Description of stable chemical elements by an $aF$ diagram and mean square fluctuations

We study the process of a nucleon separating from an atomic nucleus from the mathematical standpoint using experimental values of the binding energy for the nucleus of the given substance. A nucleon becomes a boson at the instant of separating from a fermionic nucleus. We study the further transformations of boson and fermion states of separation in a small neighborhood of zero pressure and obtain new important parastatistical relations between the temperature and the chemical potential when a nucleon separates from an atomic nucleus. The obtained relations allow constructing a new diagram (an $aF$ diagram) or isotherms of very high temperatures corresponding to nuclear matter.
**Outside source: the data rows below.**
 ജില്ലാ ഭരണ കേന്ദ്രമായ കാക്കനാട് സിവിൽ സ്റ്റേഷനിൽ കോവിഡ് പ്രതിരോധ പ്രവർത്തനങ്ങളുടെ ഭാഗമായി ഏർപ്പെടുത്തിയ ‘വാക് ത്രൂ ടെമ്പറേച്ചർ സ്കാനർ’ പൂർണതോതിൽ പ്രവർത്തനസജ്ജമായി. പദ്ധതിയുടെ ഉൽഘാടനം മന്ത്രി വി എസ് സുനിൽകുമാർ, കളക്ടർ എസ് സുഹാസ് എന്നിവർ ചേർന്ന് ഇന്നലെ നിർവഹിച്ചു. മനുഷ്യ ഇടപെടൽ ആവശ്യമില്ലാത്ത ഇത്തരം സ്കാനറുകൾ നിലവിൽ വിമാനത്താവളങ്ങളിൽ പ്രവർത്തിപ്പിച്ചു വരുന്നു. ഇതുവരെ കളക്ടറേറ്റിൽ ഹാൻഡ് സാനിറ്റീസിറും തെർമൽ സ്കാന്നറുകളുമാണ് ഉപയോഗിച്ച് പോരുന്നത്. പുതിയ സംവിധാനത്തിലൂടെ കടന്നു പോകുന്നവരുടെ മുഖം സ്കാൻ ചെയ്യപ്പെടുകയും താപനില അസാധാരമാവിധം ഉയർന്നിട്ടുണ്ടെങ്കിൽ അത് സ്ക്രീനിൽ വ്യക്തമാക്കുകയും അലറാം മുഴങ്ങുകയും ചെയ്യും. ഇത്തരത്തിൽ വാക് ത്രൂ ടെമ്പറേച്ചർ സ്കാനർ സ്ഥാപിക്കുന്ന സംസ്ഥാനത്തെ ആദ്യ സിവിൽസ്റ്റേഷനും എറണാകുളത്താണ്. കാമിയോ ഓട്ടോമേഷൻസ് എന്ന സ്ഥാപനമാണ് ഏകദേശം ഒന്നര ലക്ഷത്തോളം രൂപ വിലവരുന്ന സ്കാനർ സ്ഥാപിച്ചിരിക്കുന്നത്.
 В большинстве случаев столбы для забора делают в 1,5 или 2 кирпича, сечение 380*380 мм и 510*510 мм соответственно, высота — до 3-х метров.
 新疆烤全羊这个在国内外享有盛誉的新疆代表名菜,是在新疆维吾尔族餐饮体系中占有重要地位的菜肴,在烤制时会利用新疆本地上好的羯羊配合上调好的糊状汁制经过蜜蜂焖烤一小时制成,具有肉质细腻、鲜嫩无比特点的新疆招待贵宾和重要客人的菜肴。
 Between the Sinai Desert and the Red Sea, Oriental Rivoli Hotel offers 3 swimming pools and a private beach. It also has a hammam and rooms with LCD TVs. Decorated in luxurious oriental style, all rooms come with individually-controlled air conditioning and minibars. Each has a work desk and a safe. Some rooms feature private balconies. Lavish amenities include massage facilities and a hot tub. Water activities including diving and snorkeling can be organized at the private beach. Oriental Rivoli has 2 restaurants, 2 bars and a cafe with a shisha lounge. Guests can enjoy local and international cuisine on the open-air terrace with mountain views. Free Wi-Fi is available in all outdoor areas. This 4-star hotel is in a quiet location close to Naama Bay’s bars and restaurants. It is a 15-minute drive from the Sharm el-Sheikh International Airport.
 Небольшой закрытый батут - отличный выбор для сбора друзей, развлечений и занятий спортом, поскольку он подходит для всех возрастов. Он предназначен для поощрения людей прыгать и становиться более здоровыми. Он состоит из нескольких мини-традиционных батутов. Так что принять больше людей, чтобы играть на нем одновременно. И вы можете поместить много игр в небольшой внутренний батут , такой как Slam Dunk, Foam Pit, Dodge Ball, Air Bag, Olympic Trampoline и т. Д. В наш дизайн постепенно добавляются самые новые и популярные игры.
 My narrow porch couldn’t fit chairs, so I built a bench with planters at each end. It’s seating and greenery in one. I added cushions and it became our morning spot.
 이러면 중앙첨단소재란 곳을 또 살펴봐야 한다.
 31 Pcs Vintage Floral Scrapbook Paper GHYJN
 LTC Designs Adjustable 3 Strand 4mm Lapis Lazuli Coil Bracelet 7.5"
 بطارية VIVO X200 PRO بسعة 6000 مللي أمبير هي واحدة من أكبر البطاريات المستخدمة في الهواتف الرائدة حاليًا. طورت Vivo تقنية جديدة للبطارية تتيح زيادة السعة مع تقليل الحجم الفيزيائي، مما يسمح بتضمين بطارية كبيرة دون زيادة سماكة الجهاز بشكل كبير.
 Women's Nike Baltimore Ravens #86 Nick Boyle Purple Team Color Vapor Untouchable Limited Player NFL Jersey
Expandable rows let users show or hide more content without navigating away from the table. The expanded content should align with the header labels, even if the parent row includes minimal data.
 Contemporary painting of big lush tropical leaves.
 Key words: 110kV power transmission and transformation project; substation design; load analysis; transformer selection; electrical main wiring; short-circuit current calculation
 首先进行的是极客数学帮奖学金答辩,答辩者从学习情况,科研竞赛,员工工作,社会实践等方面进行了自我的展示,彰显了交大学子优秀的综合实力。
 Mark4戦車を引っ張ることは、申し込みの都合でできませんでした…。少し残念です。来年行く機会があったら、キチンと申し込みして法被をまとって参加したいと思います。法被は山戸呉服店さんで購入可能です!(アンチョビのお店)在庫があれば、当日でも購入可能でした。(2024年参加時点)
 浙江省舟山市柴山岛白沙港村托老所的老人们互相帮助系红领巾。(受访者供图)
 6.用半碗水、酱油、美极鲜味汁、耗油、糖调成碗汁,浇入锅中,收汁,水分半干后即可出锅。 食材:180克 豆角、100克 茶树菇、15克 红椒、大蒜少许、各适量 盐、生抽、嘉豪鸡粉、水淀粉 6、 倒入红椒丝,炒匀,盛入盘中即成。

We mathematically prove that the transition of particles from the domain governed by Fermi–Dirac statistics to the domain governed by Bose–Einstein statistics near the zero pressure $P$ occurs in the neutron uncertainty domain or halo domain. We obtain equations for the chemical potential that allow determining the width of the uncertainty domain. Based on the calculated values of the minimum intensivity for Bose particles, the chemical potential, the compressibility factor, and the minimum mean square fluctuation of the chemical potential, we construct a table of stable nuclei of chemical elements, demonstrating a monotonic relation between the nucleus mass number and the other parameters.